Varios de los colegas “mafiosos” ayudaron a García Márquez con su amistad, su dinero y sus ideas durante la escritura de Cien años de soledad. Fuentes estuvo entre ellos. Su amistad se forjó gracias a largas horas dialogando sobre literatura mientras adaptaban al cine El gallo de oro de Rulfo y también un guion original de Gabo titulado El charro, que iba a ser como una película del Viejo Oeste ambientada en México. Además, gracias al cine, Gabo hizo dos amistades para toda la vida, el director Jomí García Ascot y la actriz María Luisa Elío, creadores de una película que le marcó, En el balcón vacío, sobre una mujer adulta que recuerda con nostalgia un triste episodio de su infancia.

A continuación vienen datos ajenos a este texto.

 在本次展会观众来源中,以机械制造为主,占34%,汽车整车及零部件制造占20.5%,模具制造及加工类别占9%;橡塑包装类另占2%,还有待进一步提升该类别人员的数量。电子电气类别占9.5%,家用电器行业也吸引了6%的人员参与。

El viento del cine soplaba tan a su favor que García Márquez se veía incluso trabajando en Hollywood, como le dijo a un amigo. Pero de repente el viento cambió de dirección y le paró en seco. Alatriste le informó de que no le iba a pagar más por sus guiones porque tenía problemas para financiar sus películas. Sólo se comprometió con Gabo a mantenerle el visado de trabajo. Volver a la dirección de las revistas tampoco era posible, así que tenía que buscarse otro empleo. Lo mejor que encontró, un García Márquez triste y desorientado que soñaba con Hollywood, fue un puesto de ocho de la mañana a cinco de la tarde en una agencia de publicidad. No era un mal trabajo, aunque Gabo creía que le alejaba de su meta de ser escritor profesional. En realidad, él no era (ni iba a ser) el único escritor latinoamericano que encontró un salvavidas temporal en la publicidad. Por ejemplo, Rulfo y Carpentier sobrevivieron también con encargos publicitarios.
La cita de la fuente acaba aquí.